Watchdog being watched

Watchdog being watched

The state's spending watchdog is operating under a financial cloud.

A toothless state oversight board is demanding an explanation from state Auditor General Frank Mautino about nearly $500,000 in questionable expenditures from Mautino's campaign fund.

But people ought not get too excited about the answers Mautino has promised to provide. There's so much smoke here that it's hard to imagine there's not a fire lurking beneath, a conflagration that ought to draw the attention of federal prosecutors.

Mautino's aware of that risk.

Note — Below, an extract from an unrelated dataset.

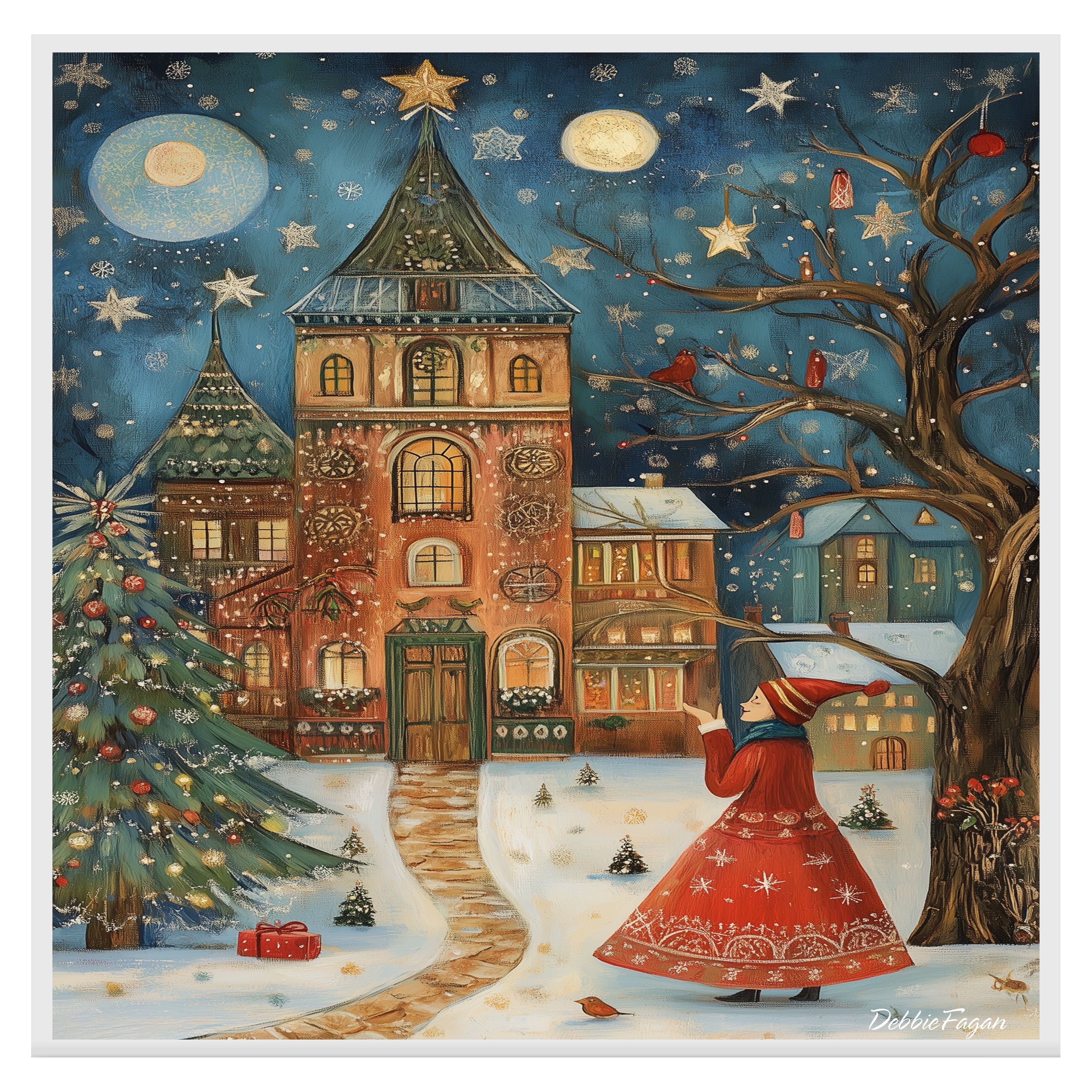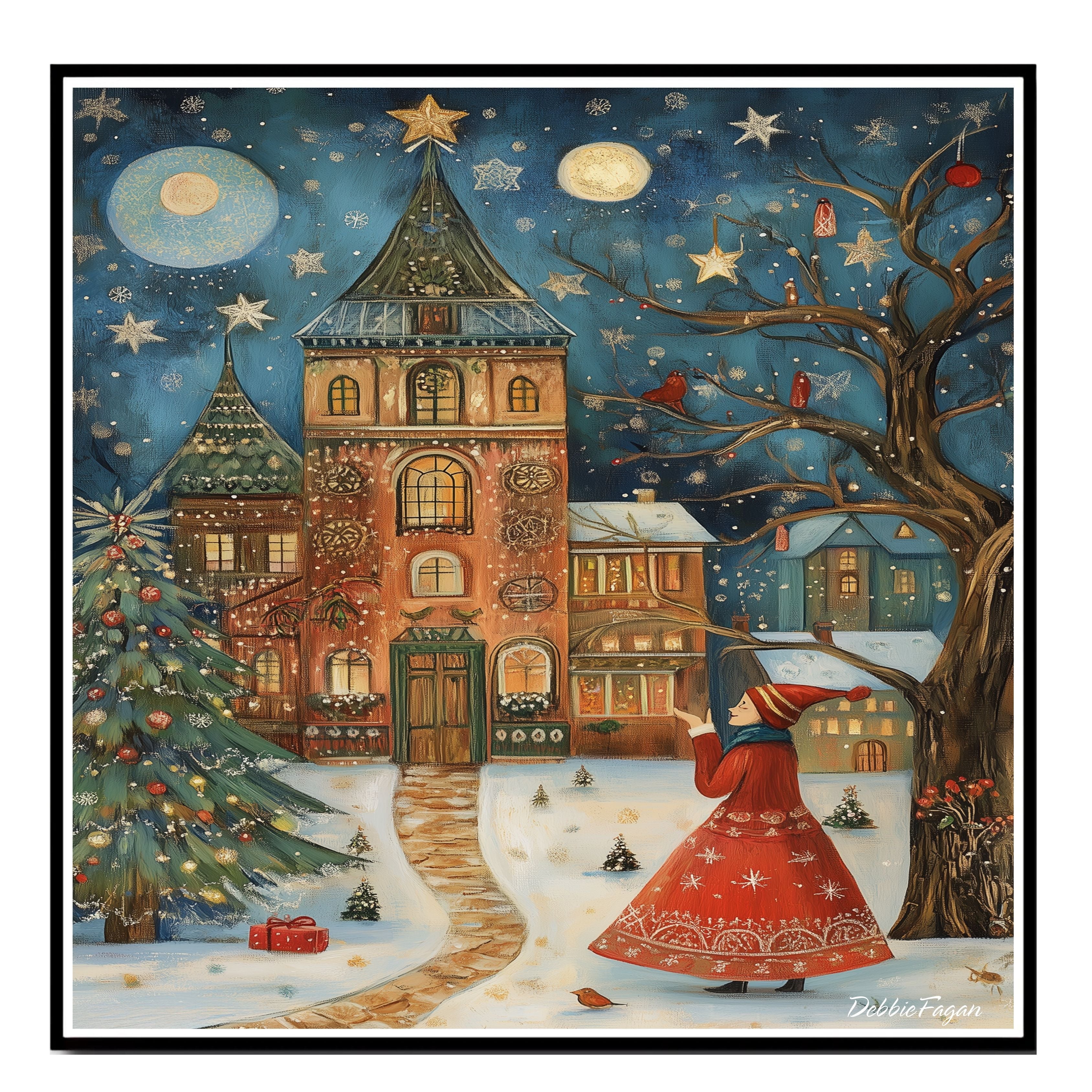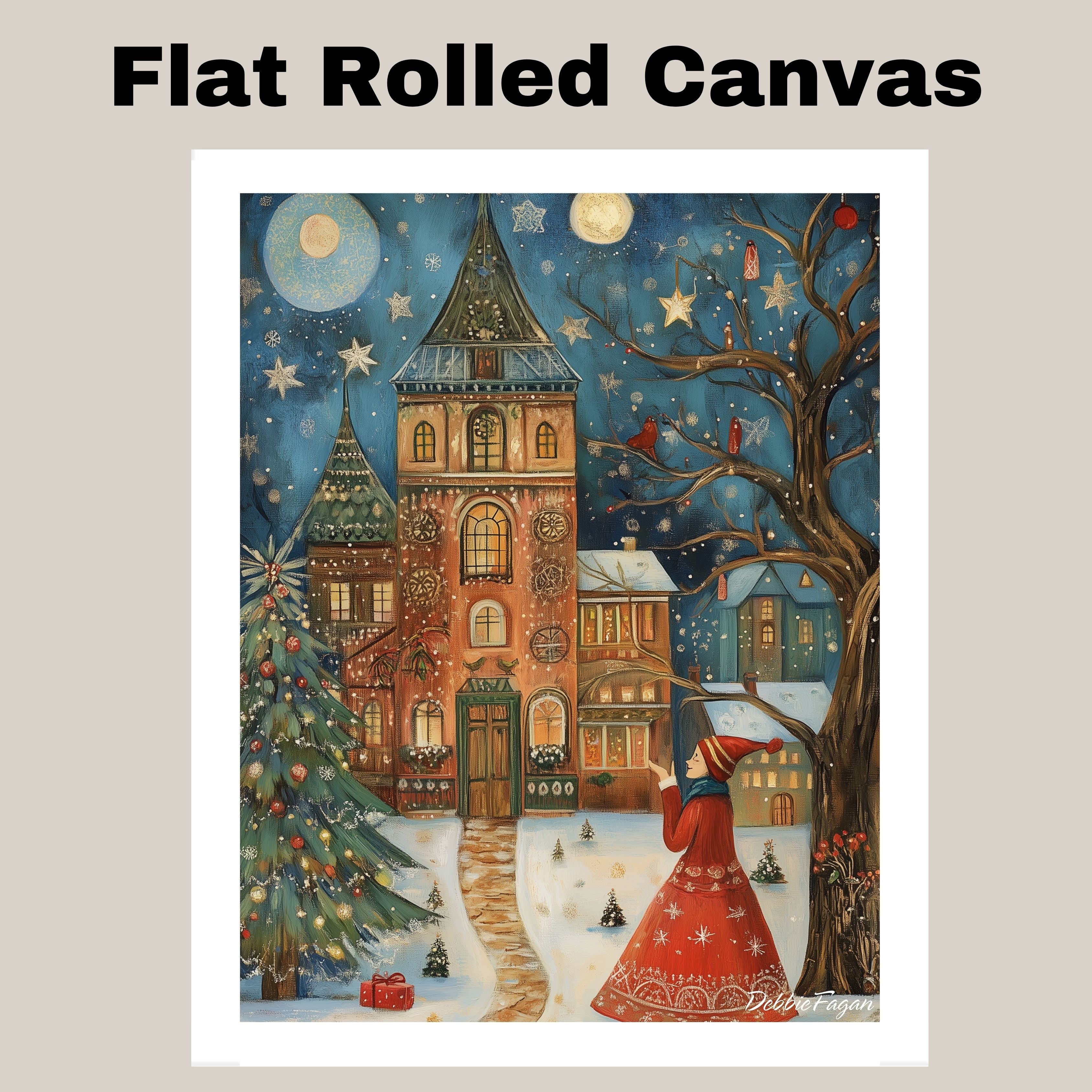 Starry Christmas Night – Folk Art Girl and Village in Snow on Ready to Hang 1.5" Thick Canvas Wrap, Floating Framed Canvas, Flat Rolled Canvas

That's why he's retained prominent Springfield defense lawyer Bill Roberts to represent him.

But the request from the Illinois State Board of Elections undoubtedly complicates Mautino's situation vis a vis expenditures from his campaign fund.

The board, specifically, is requesting an accounting of $213,000 in expenditures for gasoline and vehicle repairs between 2005 and 2015 at a service station owned by a political friend.

The board also wants Mautino, a former Democratic legislator from Spring Valley, to explain roughly $300,000 in payments for campaign services to a bank that does not provide campaign services.

A Mautino public relations spokesman put a positive spin on the board's action, asserting that it "narrowed the scope of its inquiry into Frank Mautino's campaign spending."

"Frank will be working with his team to amend his campaign reports by July 1 in an attempt to resolve these questions," said spokesman Ryan Keith.

Despite news accounts, the Mautino affair has mostly escaped much public attention for weeks now. But it represents another potentially big scandal in state politics — that of the state's leading financial watchdog coming under investigation for questionable spending of campaign funds.

Further, it threatens to pull back the curtain not just on Mautino's campaign spending practices but those of other members of the Illinois House and Senate.

Although Illinois law doesn't provide much oversight of campaign spending, it does provide the illusion of oversight. The rules are written so vaguely that just about anything goes short of withdrawing money from campaign funds and putting it directly in one's pockets.

Given the frightfully negative appearance — a spending watchdog under investigation for financial improprieties — Mautino ought to resign his office and deal with his campaign spending problem on a private basis.

But he's a pol from the old school, a veteran legislator from a political family and a former member of House Speaker Michael Madigan's leadership team. Indeed, Madigan played a big role in making Mautino, a poor choice to start with, auditor general.

Now the auditor general's office is under a cloud.

There's not much in state government in which people can take pride. But the auditor general's office has long had a solid reputation as an agency that fearlessly oversees executive branch spending practices, identifies problems and recommends solutions.

It'll be hard to maintain that reputation going forward unless one of two unlikely events happens:

— Mautino provides solid explanations for his bizarre spending practices.

— He steps down.

Absent those possibilities, it's looking like another rough ride down a scandal-ridden political pathway for the people of Illinois.